## [Goal of the exercise]
Transcribe all data verbatim. Skip the pictures.

## [Given information]
►

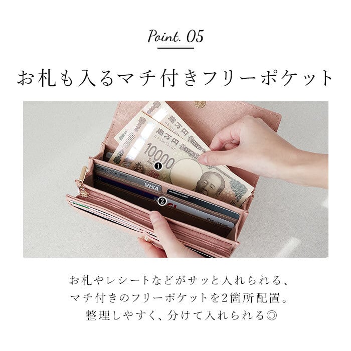 ・3つのフリーポケットを装備。お札やレシート、チケットなどもキレイに分けられる◎
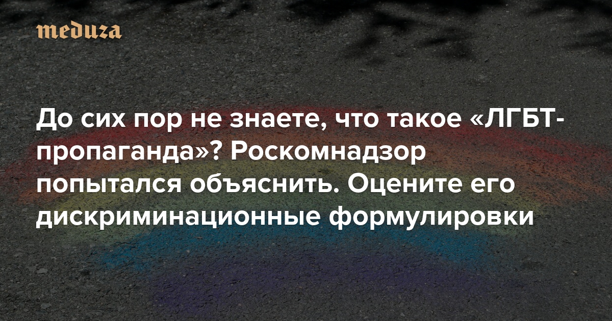 До сих пор не знаете, что такое «ЛГБТ-пропаганда»? Роскомнадзор попытался объяснить Оцените его дискриминационные формулировки
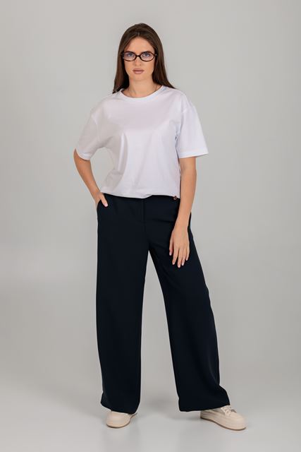 Штани-палаццо вільного силуету з крепової тканини преміум класу, має ідеальну посадку, з бічними кишенями, застібаються на ґудзик і блискавку.
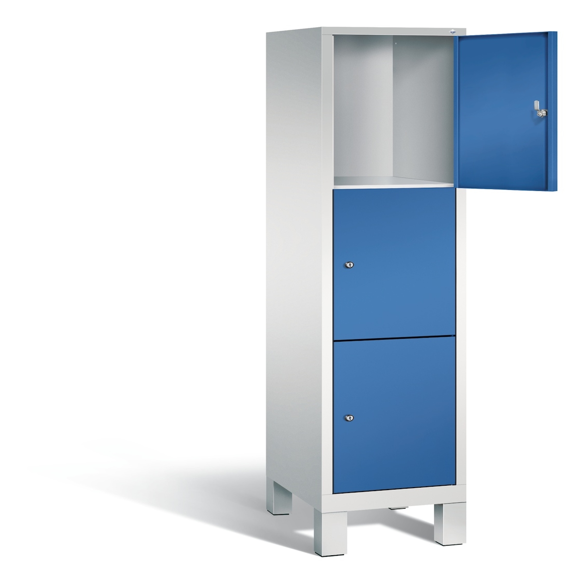 C+P Schließfachschrank Classic PLUS, Füße, 3 Abteile, 1950x900x500mm, 7035/5010 Innenhöhe Gefach oben (oberes 453 mm Front RAL 5010 Enzianblau ; C + P
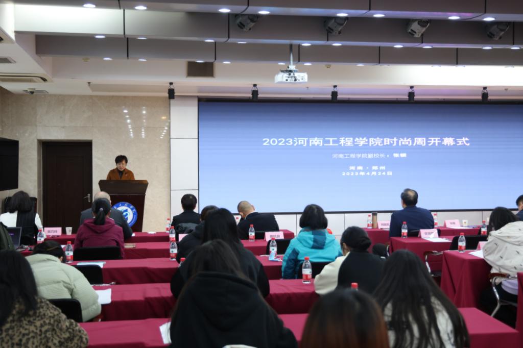 时尚科技融合发展,跨界创新永无止境,4月24日上午,2023河南工程学院时尚周在河南工程学院综合楼一楼报告厅盛大开幕。河南工程学院副校长张铟、纪委书记李德耀,校内各部门负责人及校友企业代表出席此次开幕式。
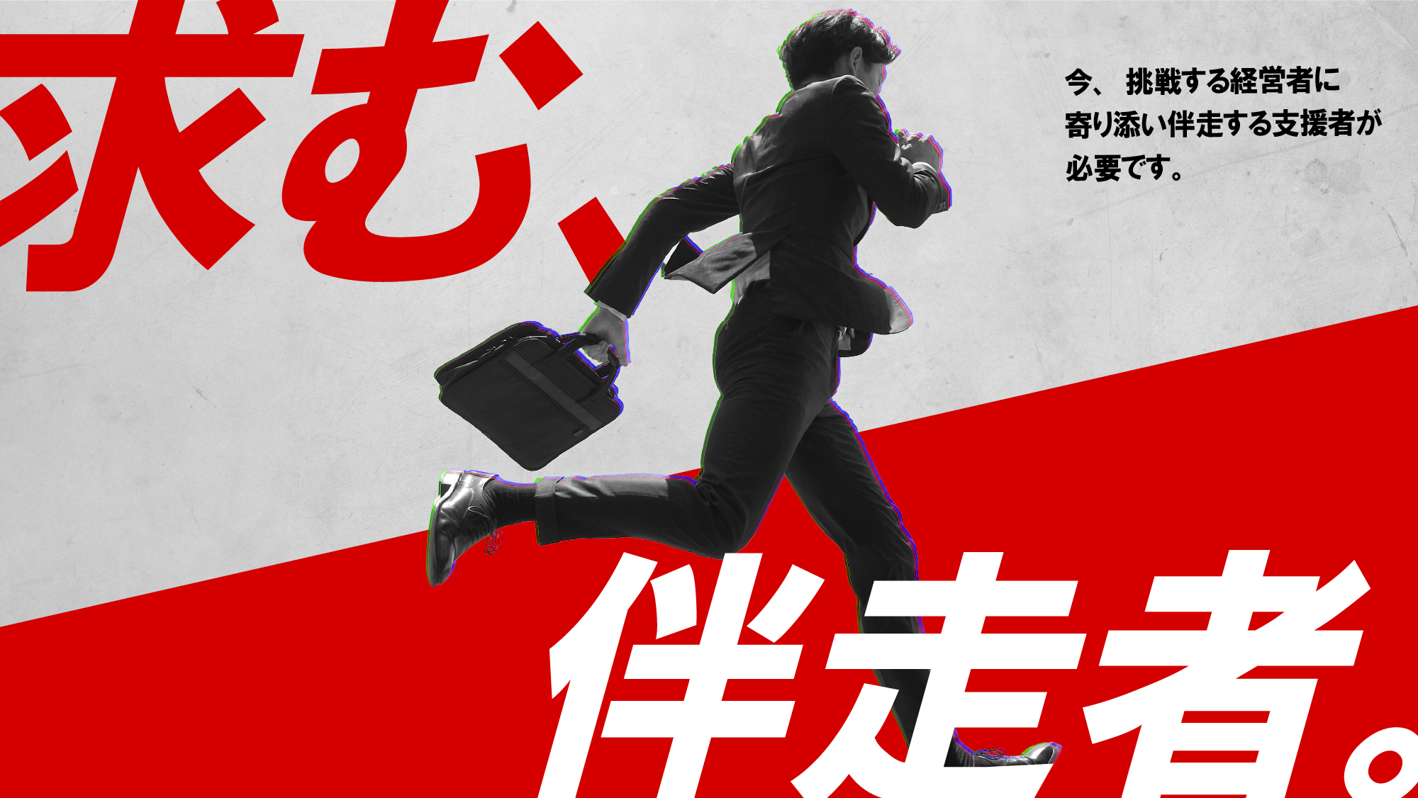 目的・課題と制作のポイント イメージの違う2つのビジュアルを用意したい 「伴走者求む」という力強いコピー、セミナーの情報を入れ込みたい デザイン①:コピーを入れた力強いデザイン デザイン②:セミナーの雰囲気が伝わるベーシックなデザイン 「伴走者求む」というコピーを倒置法にして、大きくデザイン的に配置することで勢いと力強さを表現 走り抜ける人のイメージをに色収差をつけることでエネルギーをと躍動感を表現 明るい青色を使用することでイメージの差別化、ビジネス向けセミナーの明るいイメージを表現 文字の情報が多いため、強調すべき文字を目に入れるためにそれ以外の文字の印象を色や文字色に変化を付けました デザイン① デザイン②

◄

## [Response box]
 ・3つのフリーポケットを装備。お札やレシート、チケットなどもキレイに分けられる◎
 До сих пор не знаете, что такое «ЛГБТ-пропаганда»? Роскомнадзор попытался объяснить Оцените его дискриминационные формулировки
 Штани-палаццо вільного силуету з крепової тканини преміум класу, має ідеальну посадку, з бічними кишенями, застібаються на ґудзик і блискавку.
 C+P Schließfachschrank Classic PLUS, Füße, 3 Abteile, 1950x900x500mm, 7035/5010 Innenhöhe Gefach oben (oberes 453 mm Front RAL 5010 Enzianblau ; C + P
 时尚科技融合发展,跨界创新永无止境,4月24日上午,2023河南工程学院时尚周在河南工程学院综合楼一楼报告厅盛大开幕。河南工程学院副校长张铟、纪委书记李德耀,校内各部门负责人及校友企业代表出席此次开幕式。
 目的・課題と制作のポイント イメージの違う2つのビジュアルを用意したい 「伴走者求む」という力強いコピー、セミナーの情報を入れ込みたい デザイン①:コピーを入れた力強いデザイン デザイン②:セミナーの雰囲気が伝わるベーシックなデザイン 「伴走者求む」というコピーを倒置法にして、大きくデザイン的に配置することで勢いと力強さを表現 走り抜ける人のイメージをに色収差をつけることでエネルギーをと躍動感を表現 明るい青色を使用することでイメージの差別化、ビジネス向けセミナーの明るいイメージを表現 文字の情報が多いため、強調すべき文字を目に入れるためにそれ以外の文字の印象を色や文字色に変化を付けました デザイン① デザイン②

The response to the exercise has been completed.